4.1. Examination at the scene of death

In a case of electrical injury the examination at the scene of death has to be carried out from a team of a policeman, forensic medical specialist and a technical expert (power engineer). The tasks of the engineer are to provide evidence for the sources and reasons of electrical flow and to assure all necessary precautionary and safety measures during the inspection.

The forensic medical expert needs to pay special attention to the following problems during the inspection:

In cases of an accident with technical electricity: The forensic expert needs to determine is there a contact with source of electricity – wires, devices etc., and the position of the victim in relation to them. The specialist has to look for circumstances facilitating the accident, such as increased dampness, wet clothes, lack of protective clothing, gloves, shoes, etc. On the clothes can be found signs of electrical influence (burns, other electrical sings); on the shoes there might be breaks at the points of entrance or exit of the electric chain; burns; melted nails; magnetized metal objects. Electrical burn-marks should be looked for carefully on the body, but in up to 20% of cases they might be missing. The outer inspection of the body can provide evidence of mechanic injuries - a result of falling from electrical pylon or a roof, or other not typical burns. In the case of a suicide, uncovered wires can be wrapped or fixed in some way to the body, and a letter might be left.

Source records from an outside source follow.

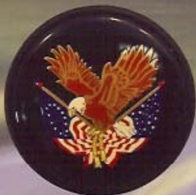
5905 American Eagle Button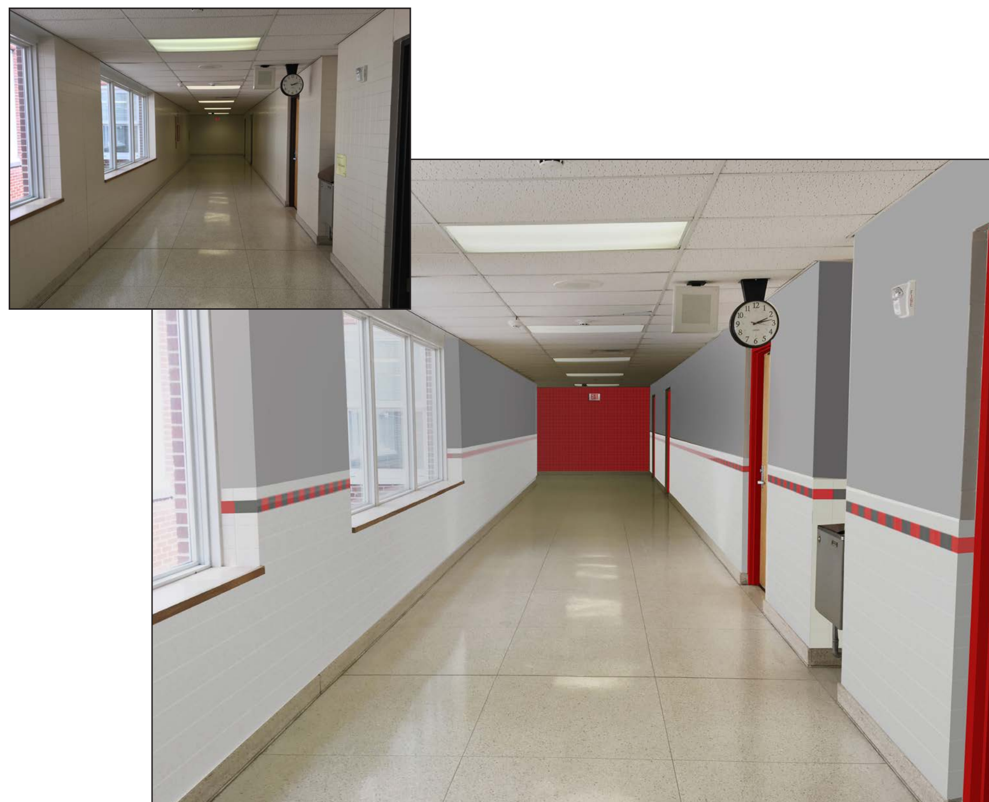
Corridor Finish Improvements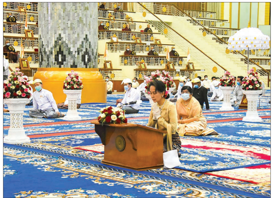
Congratulatory ceremony for title-winners of the 72 nd Tipitakadhara Tipitaka Kovida Selection Exam is held at the Mahapasana Cave of Thiri Mingala Kaba Aye Hill in Yangon on 20 July.

SENIOR Buddhist monks who won the highly advanced levels of religious exams received certificates and titles in Yangon yesterday.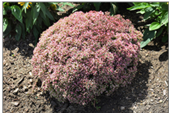
Rock 'N Round Pride and Joy Stonecrop in bloom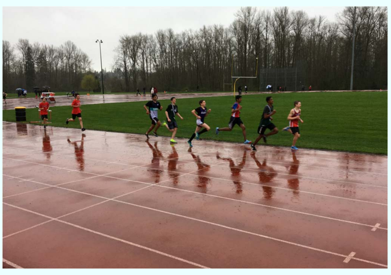
Home of Dragon Pride "Building Successful Futures"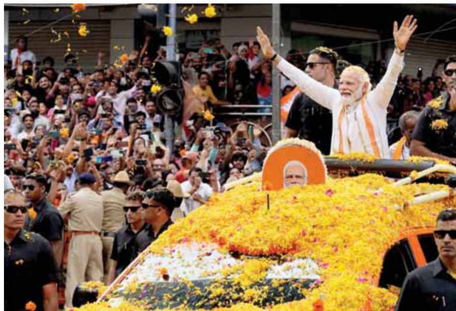
Prime Minister and senior BJP leader Narendra Modi waves at supporters during a roadshow ahead of Karnataka Assembly elections, in Bengaluru, on Sunday

"This election is about creating a new history. This election is about making Karnataka the number one State in the

Information for the beginning and the course of the accident should be collected from witnesses during the process of inspection, together with information on the clinical picture before the time of death of the victim.

In cases caused by high voltage technical electricity or electric arc – deep local burns or even carbonization at the point of contact can be found, metallization, stings or burns of hairs, external traumatic injuries due to throwing back of the body. Such cases do not cause diagnostic difficulties.

In cases of an accident from electric weapons can be found changes identical with electrocution from low voltage electricity – round, point like burns or hyperemia 5-7 mm in a diameter.

In cases of an injury with atmospheric electricity there is a specific surrounding situation. The victim is most often in the open, after a lightning storm, under a tree. Signs of atmospheric electrical influence in the surrounding environment can be found – burns or tree splitting, melted or magnetized metal objects or parts of constructions. Very often the clothes of the victim are severely torn and the body might be denuded. Hairs on the head might be singed, hairs on the chest or genitals might be intertwined, and the typical for electrical influence sequelae as burns of different stages can be observed including carbonization of parts of the body.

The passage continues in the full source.